_WORK REQUIRED_. What you write must match, character for character, the lines from the one with "[5컬러/레이어드] 레디이 스카시짜임 니트조끼" down to the one with "2017年3月の期間中、黒川" in the listing below, minus its pictures.

_WORKING DATA_.
+ + + +
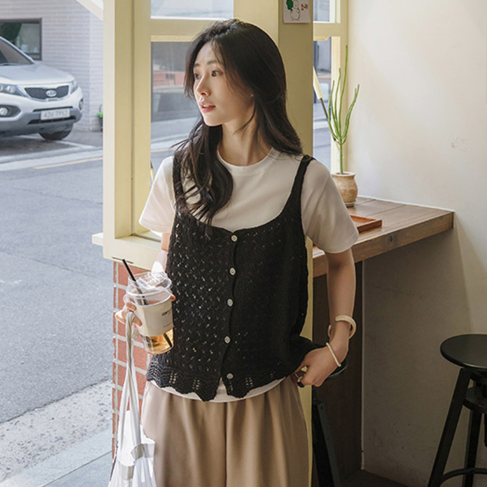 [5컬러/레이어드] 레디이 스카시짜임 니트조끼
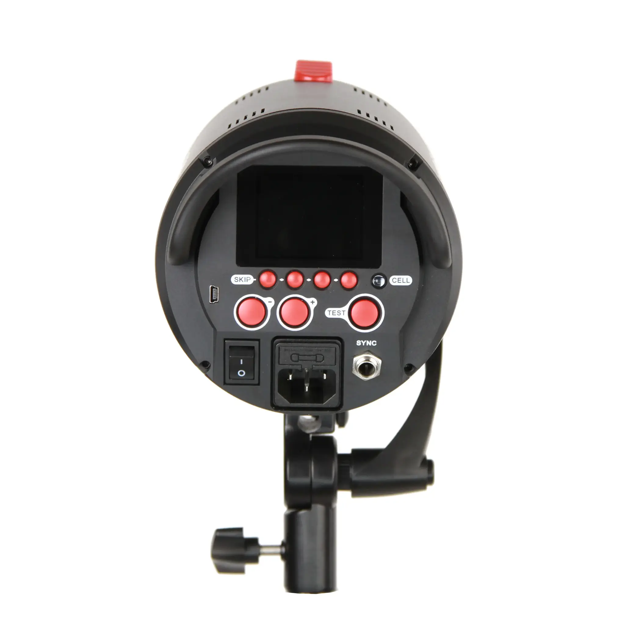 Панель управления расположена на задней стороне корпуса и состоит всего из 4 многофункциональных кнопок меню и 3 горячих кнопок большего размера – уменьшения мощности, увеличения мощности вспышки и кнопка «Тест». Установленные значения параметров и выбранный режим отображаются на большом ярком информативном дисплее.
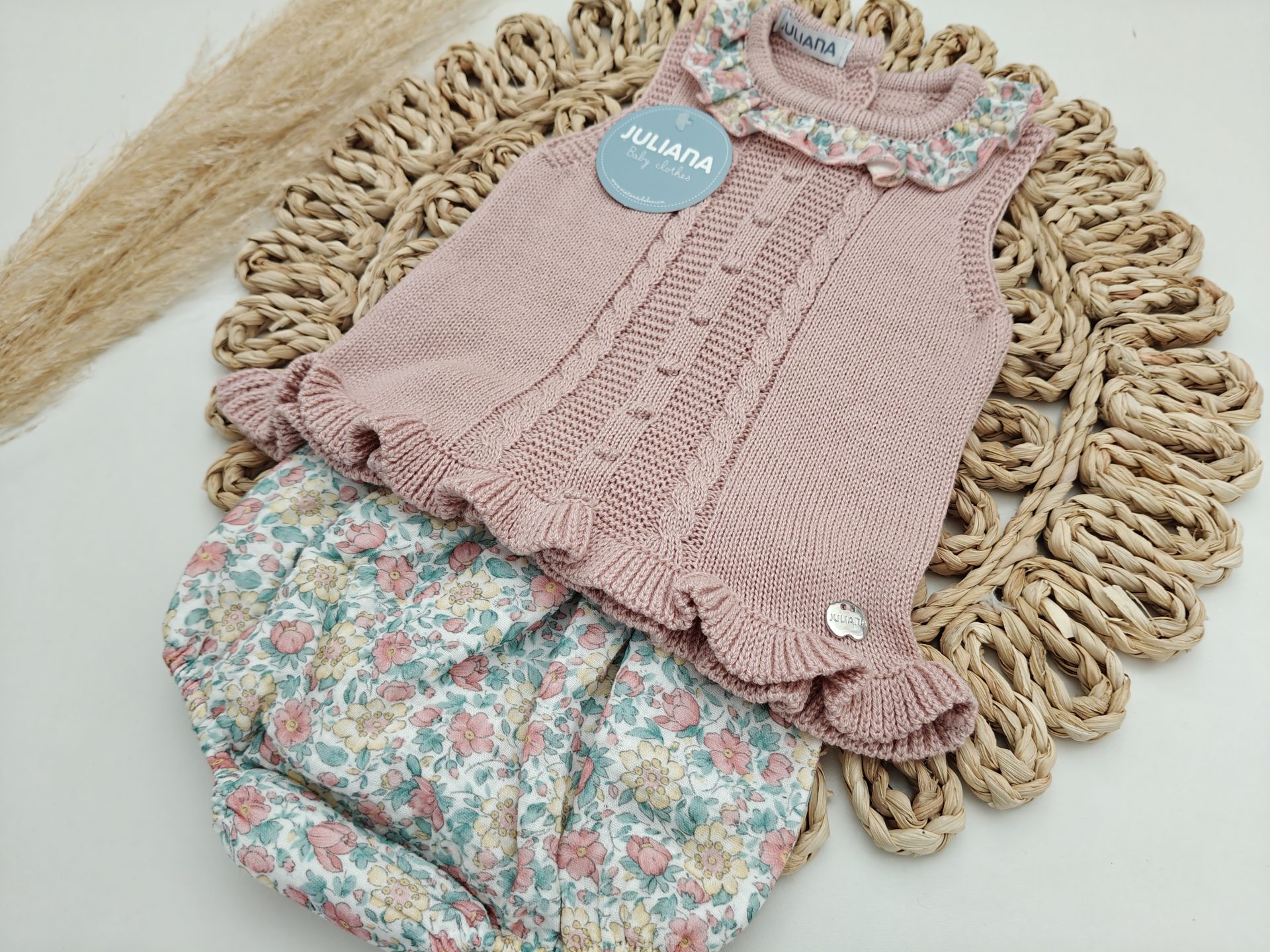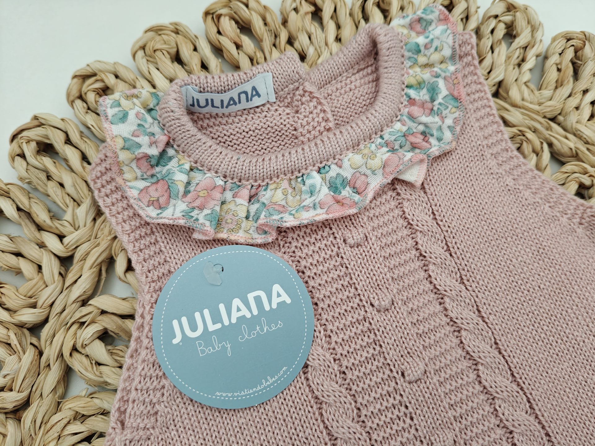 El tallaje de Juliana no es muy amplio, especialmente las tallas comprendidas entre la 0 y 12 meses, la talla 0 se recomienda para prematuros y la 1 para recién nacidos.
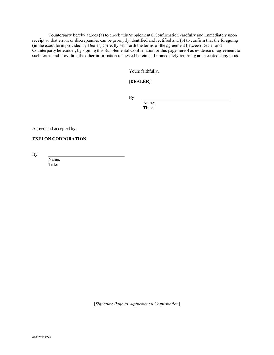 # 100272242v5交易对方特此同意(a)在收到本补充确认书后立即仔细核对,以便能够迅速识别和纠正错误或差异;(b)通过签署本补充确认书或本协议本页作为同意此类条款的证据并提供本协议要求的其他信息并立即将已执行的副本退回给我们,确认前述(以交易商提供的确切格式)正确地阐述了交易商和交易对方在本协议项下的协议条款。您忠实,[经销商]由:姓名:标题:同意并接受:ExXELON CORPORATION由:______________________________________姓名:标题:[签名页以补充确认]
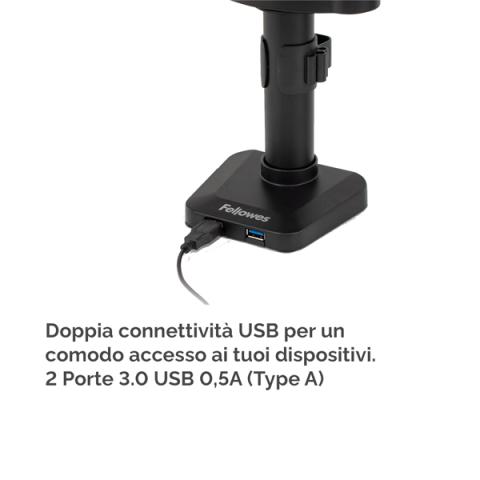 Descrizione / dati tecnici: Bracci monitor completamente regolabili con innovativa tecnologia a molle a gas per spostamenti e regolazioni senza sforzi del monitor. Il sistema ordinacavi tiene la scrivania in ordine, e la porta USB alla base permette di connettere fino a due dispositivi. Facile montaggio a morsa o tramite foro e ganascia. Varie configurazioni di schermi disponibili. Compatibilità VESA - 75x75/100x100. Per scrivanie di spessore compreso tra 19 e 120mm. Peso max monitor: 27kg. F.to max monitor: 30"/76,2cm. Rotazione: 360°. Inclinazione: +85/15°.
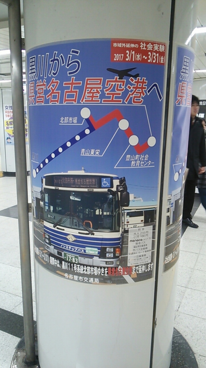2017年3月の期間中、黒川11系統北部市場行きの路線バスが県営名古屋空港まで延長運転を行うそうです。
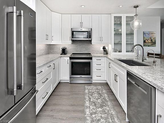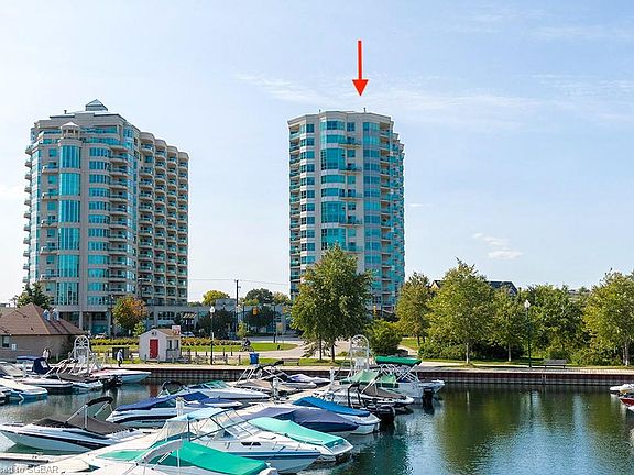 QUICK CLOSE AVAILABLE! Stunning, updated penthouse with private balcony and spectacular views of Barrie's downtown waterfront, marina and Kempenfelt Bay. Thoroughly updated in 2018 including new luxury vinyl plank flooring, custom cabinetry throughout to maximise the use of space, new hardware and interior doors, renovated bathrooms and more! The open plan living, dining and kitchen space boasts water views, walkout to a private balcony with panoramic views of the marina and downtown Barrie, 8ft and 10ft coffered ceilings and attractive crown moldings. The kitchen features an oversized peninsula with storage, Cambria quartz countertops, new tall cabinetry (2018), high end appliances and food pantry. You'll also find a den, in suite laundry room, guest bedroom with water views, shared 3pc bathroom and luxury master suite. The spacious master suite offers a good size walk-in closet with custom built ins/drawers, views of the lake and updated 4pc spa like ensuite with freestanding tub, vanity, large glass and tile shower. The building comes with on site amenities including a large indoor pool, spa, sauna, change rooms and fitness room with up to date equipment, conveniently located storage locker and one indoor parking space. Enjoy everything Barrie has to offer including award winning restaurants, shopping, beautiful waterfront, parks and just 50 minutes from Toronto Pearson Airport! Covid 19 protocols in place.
+ + + +
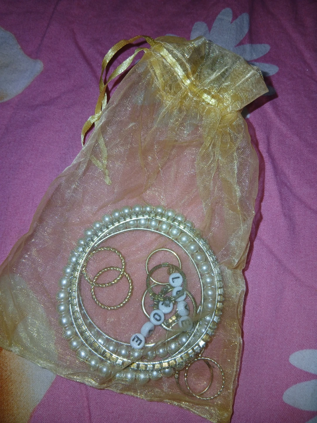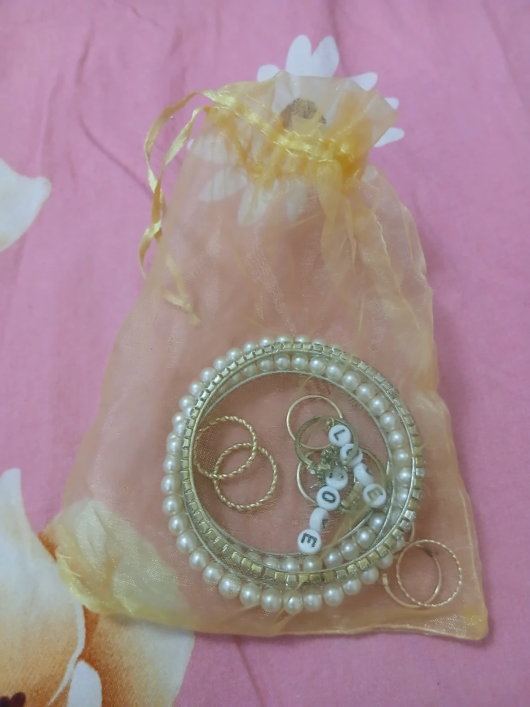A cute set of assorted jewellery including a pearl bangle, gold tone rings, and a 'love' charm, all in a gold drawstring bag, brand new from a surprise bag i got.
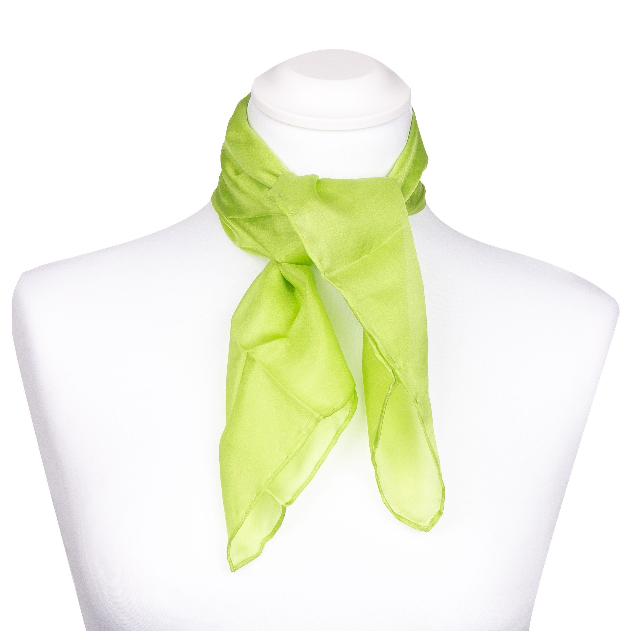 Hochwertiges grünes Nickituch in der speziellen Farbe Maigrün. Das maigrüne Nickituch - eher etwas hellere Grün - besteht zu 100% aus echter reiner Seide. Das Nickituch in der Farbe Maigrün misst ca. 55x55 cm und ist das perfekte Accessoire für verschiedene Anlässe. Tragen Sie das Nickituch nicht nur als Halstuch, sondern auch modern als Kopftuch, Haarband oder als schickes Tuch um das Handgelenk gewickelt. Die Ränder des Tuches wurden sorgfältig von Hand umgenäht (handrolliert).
+ + + +
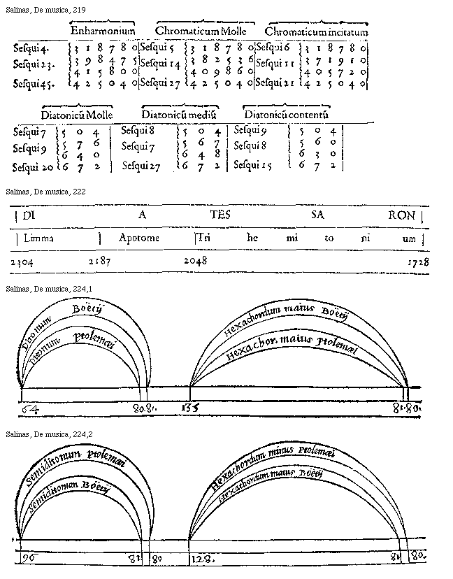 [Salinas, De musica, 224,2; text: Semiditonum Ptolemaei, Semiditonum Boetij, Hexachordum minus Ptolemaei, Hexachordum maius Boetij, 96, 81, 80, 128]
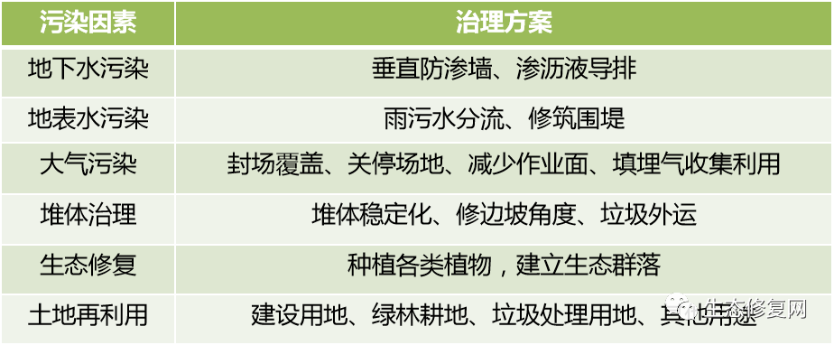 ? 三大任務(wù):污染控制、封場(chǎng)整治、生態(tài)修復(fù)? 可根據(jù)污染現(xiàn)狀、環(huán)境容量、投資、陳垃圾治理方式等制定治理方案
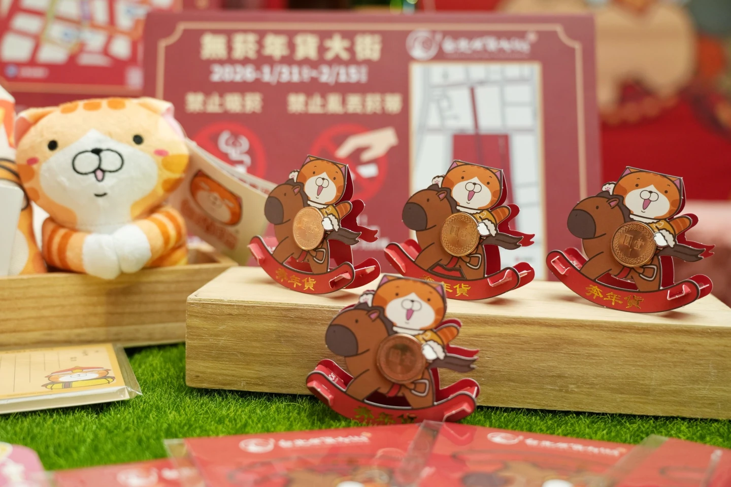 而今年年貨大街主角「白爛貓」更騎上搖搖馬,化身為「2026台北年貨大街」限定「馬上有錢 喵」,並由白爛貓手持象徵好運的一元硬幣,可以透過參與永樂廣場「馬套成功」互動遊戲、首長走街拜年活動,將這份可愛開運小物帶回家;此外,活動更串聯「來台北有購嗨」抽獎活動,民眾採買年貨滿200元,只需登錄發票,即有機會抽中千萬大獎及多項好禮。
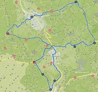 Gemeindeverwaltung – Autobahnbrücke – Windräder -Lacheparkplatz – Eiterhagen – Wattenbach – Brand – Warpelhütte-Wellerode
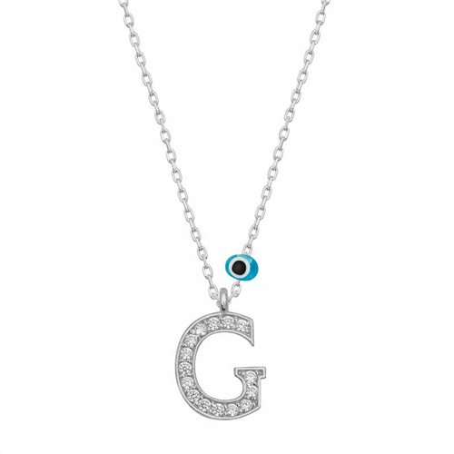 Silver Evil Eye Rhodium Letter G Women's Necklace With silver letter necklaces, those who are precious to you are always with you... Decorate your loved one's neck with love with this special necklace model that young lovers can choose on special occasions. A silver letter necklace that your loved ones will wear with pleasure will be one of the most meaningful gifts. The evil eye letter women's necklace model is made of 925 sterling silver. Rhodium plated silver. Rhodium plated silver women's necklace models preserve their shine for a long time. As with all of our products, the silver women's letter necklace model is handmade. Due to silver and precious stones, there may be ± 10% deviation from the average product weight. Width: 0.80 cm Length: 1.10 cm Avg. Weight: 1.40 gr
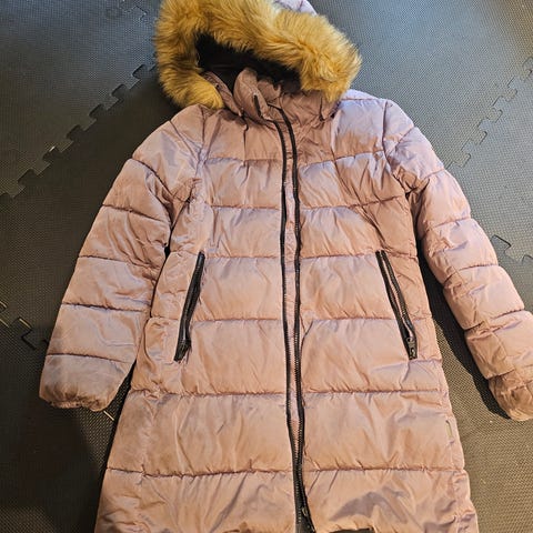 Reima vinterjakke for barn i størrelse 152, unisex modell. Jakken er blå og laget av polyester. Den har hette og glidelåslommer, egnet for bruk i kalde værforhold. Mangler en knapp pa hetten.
+ + + +
_RESPONSE TO THE TASK_.
 [5컬러/레이어드] 레디이 스카시짜임 니트조끼
 Панель управления расположена на задней стороне корпуса и состоит всего из 4 многофункциональных кнопок меню и 3 горячих кнопок большего размера – уменьшения мощности, увеличения мощности вспышки и кнопка «Тест». Установленные значения параметров и выбранный режим отображаются на большом ярком информативном дисплее.
 El tallaje de Juliana no es muy amplio, especialmente las tallas comprendidas entre la 0 y 12 meses, la talla 0 se recomienda para prematuros y la 1 para recién nacidos.
 # 100272242v5交易对方特此同意(a)在收到本补充确认书后立即仔细核对,以便能够迅速识别和纠正错误或差异;(b)通过签署本补充确认书或本协议本页作为同意此类条款的证据并提供本协议要求的其他信息并立即将已执行的副本退回给我们,确认前述(以交易商提供的确切格式)正确地阐述了交易商和交易对方在本协议项下的协议条款。您忠实,[经销商]由:姓名:标题:同意并接受:ExXELON CORPORATION由:______________________________________姓名:标题:[签名页以补充确认]
 Descrizione / dati tecnici: Bracci monitor completamente regolabili con innovativa tecnologia a molle a gas per spostamenti e regolazioni senza sforzi del monitor. Il sistema ordinacavi tiene la scrivania in ordine, e la porta USB alla base permette di connettere fino a due dispositivi. Facile montaggio a morsa o tramite foro e ganascia. Varie configurazioni di schermi disponibili. Compatibilità VESA - 75x75/100x100. Per scrivanie di spessore compreso tra 19 e 120mm. Peso max monitor: 27kg. F.to max monitor: 30"/76,2cm. Rotazione: 360°. Inclinazione: +85/15°.
2017年3月の期間中、黒川11系統北部市場行きの路線バスが県営名古屋空港まで延長運転を行うそうです。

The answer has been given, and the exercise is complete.